▽

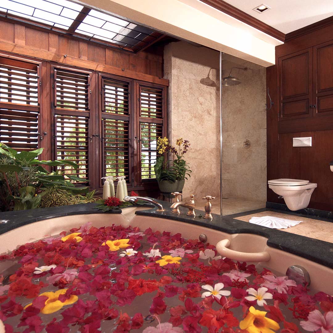 Unrivaled Elegance. The two master bedrooms, decorated with Asian antiques and custom-made furnishings, boast stunning views and luxurious en-suite bathrooms. Grand four-poster beds, private balconies, and spaces filled with natural light create the perfect atmosphere for a relaxing getaway. Each bathroom serves as a personal sanctuary, featuring marble, slate, and natural stone elements, along with a Jacuzzi and rain showers beneath a softly lit, mosquito-netted ceiling.
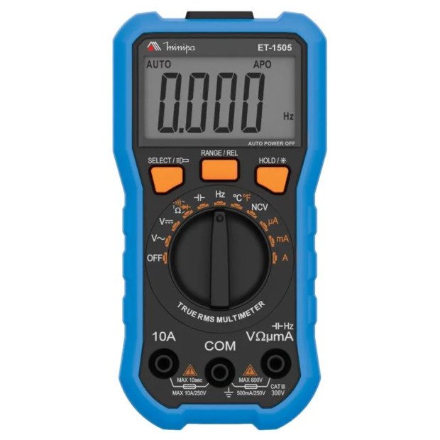 O modelo ET-1505 é um multímetro compacto, prático e de fácil manuseio. Ele faz medições de corrente AC/ DC, tensões AC/DC, resistência, capacitância, temperatura, teste de diodo e continuidade. Além das funções de desligamento automático, data HOLD e NCV. SEGURANÇA Como determinado pela norma de segurança NR-10, utilize sempre equipamentos de proteção individual. Sempre leia as informações de segurança e regras para operação segura contidas no manual de instruções. GERAL A precisão é dada como ±(% da leitura + número de dígitos menos significativos) para 18~28°C se não especificado de outra forma e umidade relativa entre 0~75%. Especificação válida de 10% a 100% da faixa de medida. Ciclo de calibração recomendado de 1 ano. CARACTERÍSTICAS: ● Display: 3 5/6 Dígitos, 6000 Contagens; ● Indicação de Polaridade: Automática; ● Mudança de Faixa: Automática/Manual; ● Indicação de Sobrefaixa: Indica “OL” no display; ● Taxa de Amostragem: Aprox. 3 vezes por segundo; ● Indicação de bateria fraca: “ ” é mostrado; ● Luz de Fundo e Lanterna; ● Data Hold; ● Medição de Temperatura; ● Função NCV; ● Desligamento Automático (APO 15 minutos ou off); ● Ambiente de Operação: 0 a 40°C, U.R.
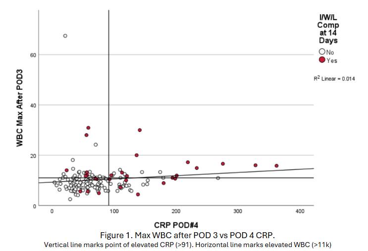 RESULTS: No significant demographic differences between groups were found (Table 1). CRP was strongly predictive (AUC = 0.762), with a calculated cutoff of 91. CRP >91 (OR 7.68, 95% CI 2.6-22.18, p<0.001) and leukocytosis (OR 5.1, 95% CI 1.86-14.09, p=0.002) were independently associated with I/W/L complications (Table 1). CRP and WBC showed no significant correlation (R = 0.118) (Figure 1). A CRP of >90 was predictive of a complication in the robotic group compared to a CRP > 118 in the open group, however not significantly (p=0.432).
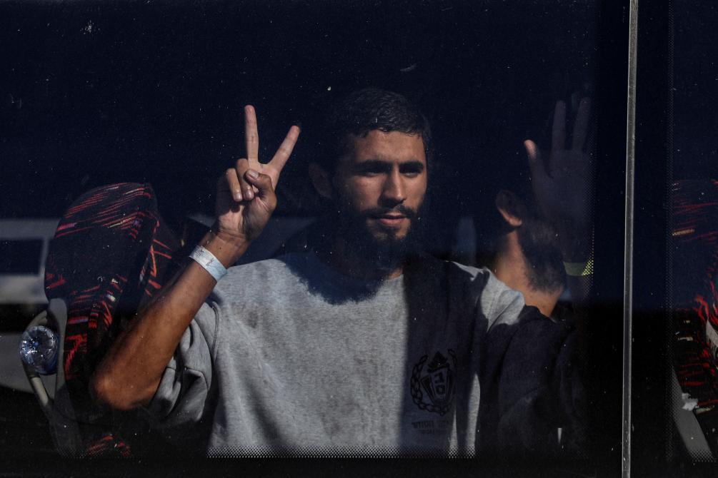 10月13日,巴勒斯坦获释人员乘坐大巴回到加沙地带南部汗尤尼斯。新华社发(里泽克·阿卜杜勒贾瓦德摄)
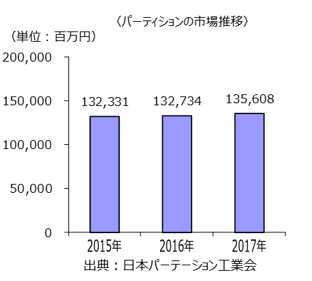 今回はパーティション(間仕切)市場の動向について解説します。日本パーティション工業会によると、2016年のパーティション市場は対前年比ほぼ横ばいの132,734百万円でしたが、2017年は135,608百万円と2.2%のプラスとなりました(グラフ参照)。
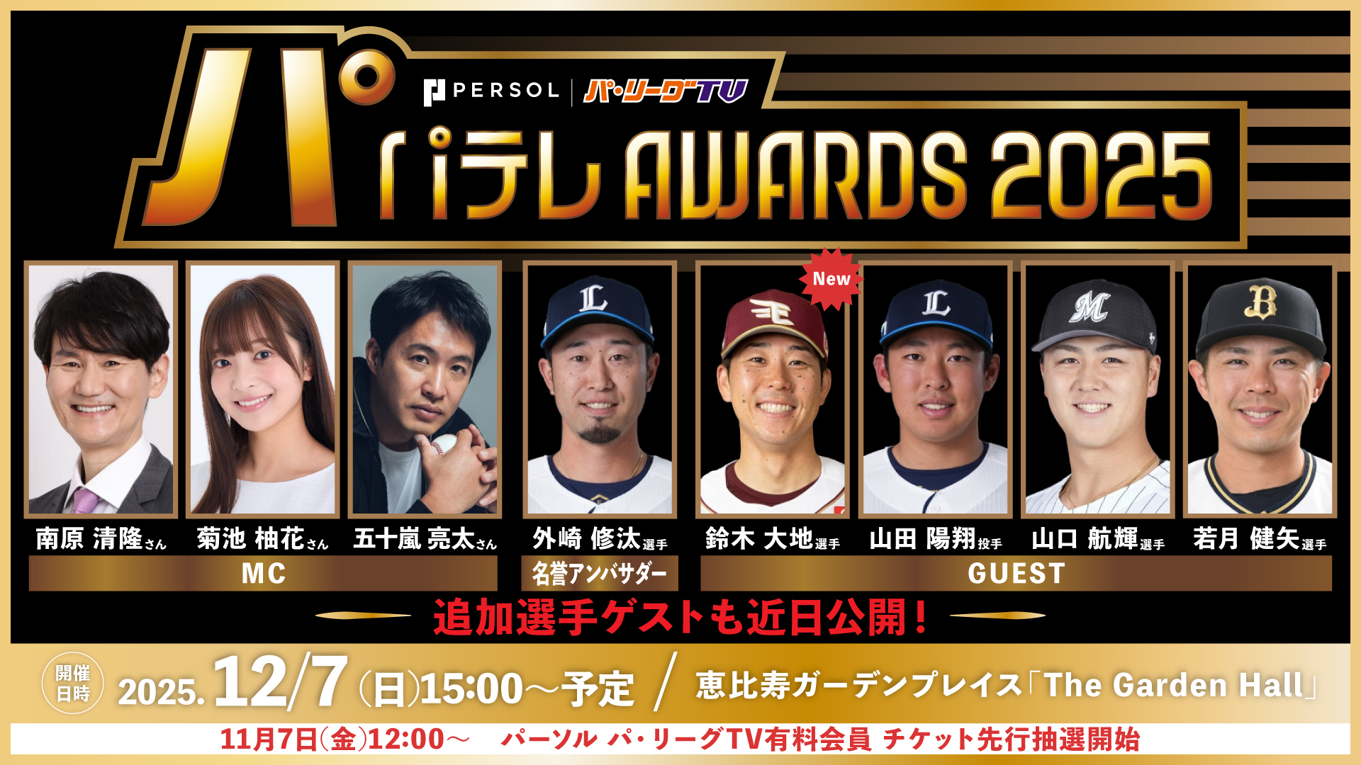 【パテレアワード2025】楽天イーグルス鈴木大地選手の出演が追加決定!
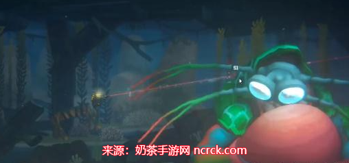 通过将机关向下拉,使一个重物掉落,螳螂虾会优先攻击掉落的重物。利用这个机会,我们可以避免受到螳螂虾的攻击。
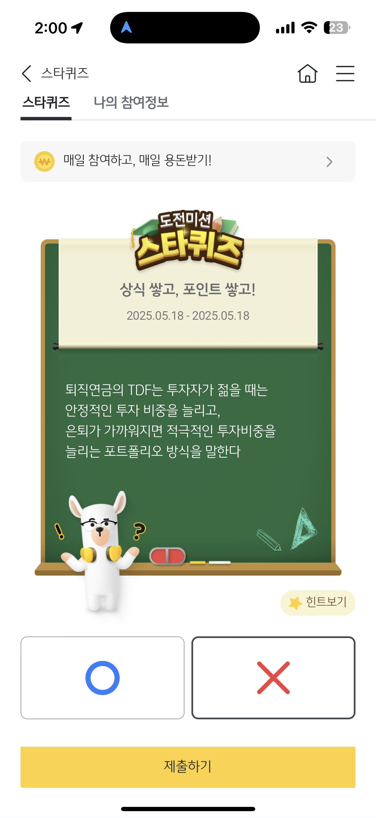 퇴직연금의 TDF는 투자자가 젊을 때는 안정적인 투자 비중을 늘리고, 은퇴가 가까워지면 적극적인 투자비중을 늘리는 포트폴리오 방식을 말한다. O, X 퀴즈인데요. 노후를 위해 퇴직연금을 많이 활용하는데요. 과연 젊을때는 안정적인 투자 비중이고 나이를 먹으면 적극적인 투자를 할까요?

△

Please write out all the entries above again exactly as they appear, skipping any images.

* RESPONSE TO THE TASK
 Unrivaled Elegance. The two master bedrooms, decorated with Asian antiques and custom-made furnishings, boast stunning views and luxurious en-suite bathrooms. Grand four-poster beds, private balconies, and spaces filled with natural light create the perfect atmosphere for a relaxing getaway. Each bathroom serves as a personal sanctuary, featuring marble, slate, and natural stone elements, along with a Jacuzzi and rain showers beneath a softly lit, mosquito-netted ceiling.
 O modelo ET-1505 é um multímetro compacto, prático e de fácil manuseio. Ele faz medições de corrente AC/ DC, tensões AC/DC, resistência, capacitância, temperatura, teste de diodo e continuidade. Além das funções de desligamento automático, data HOLD e NCV. SEGURANÇA Como determinado pela norma de segurança NR-10, utilize sempre equipamentos de proteção individual. Sempre leia as informações de segurança e regras para operação segura contidas no manual de instruções. GERAL A precisão é dada como ±(% da leitura + número de dígitos menos significativos) para 18~28°C se não especificado de outra forma e umidade relativa entre 0~75%. Especificação válida de 10% a 100% da faixa de medida. Ciclo de calibração recomendado de 1 ano. CARACTERÍSTICAS: ● Display: 3 5/6 Dígitos, 6000 Contagens; ● Indicação de Polaridade: Automática; ● Mudança de Faixa: Automática/Manual; ● Indicação de Sobrefaixa: Indica “OL” no display; ● Taxa de Amostragem: Aprox. 3 vezes por segundo; ● Indicação de bateria fraca: “ ” é mostrado; ● Luz de Fundo e Lanterna; ● Data Hold; ● Medição de Temperatura; ● Função NCV; ● Desligamento Automático (APO 15 minutos ou off); ● Ambiente de Operação: 0 a 40°C, U.R.
 RESULTS: No significant demographic differences between groups were found (Table 1). CRP was strongly predictive (AUC = 0.762), with a calculated cutoff of 91. CRP >91 (OR 7.68, 95% CI 2.6-22.18, p<0.001) and leukocytosis (OR 5.1, 95% CI 1.86-14.09, p=0.002) were independently associated with I/W/L complications (Table 1). CRP and WBC showed no significant correlation (R = 0.118) (Figure 1). A CRP of >90 was predictive of a complication in the robotic group compared to a CRP > 118 in the open group, however not significantly (p=0.432).
 10月13日,巴勒斯坦获释人员乘坐大巴回到加沙地带南部汗尤尼斯。新华社发(里泽克·阿卜杜勒贾瓦德摄)
 今回はパーティション(間仕切)市場の動向について解説します。日本パーティション工業会によると、2016年のパーティション市場は対前年比ほぼ横ばいの132,734百万円でしたが、2017年は135,608百万円と2.2%のプラスとなりました(グラフ参照)。
 【パテレアワード2025】楽天イーグルス鈴木大地選手の出演が追加決定!
 通过将机关向下拉,使一个重物掉落,螳螂虾会优先攻击掉落的重物。利用这个机会,我们可以避免受到螳螂虾的攻击。
 퇴직연금의 TDF는 투자자가 젊을 때는 안정적인 투자 비중을 늘리고, 은퇴가 가까워지면 적극적인 투자비중을 늘리는 포트폴리오 방식을 말한다. O, X 퀴즈인데요. 노후를 위해 퇴직연금을 많이 활용하는데요. 과연 젊을때는 안정적인 투자 비중이고 나이를 먹으면 적극적인 투자를 할까요?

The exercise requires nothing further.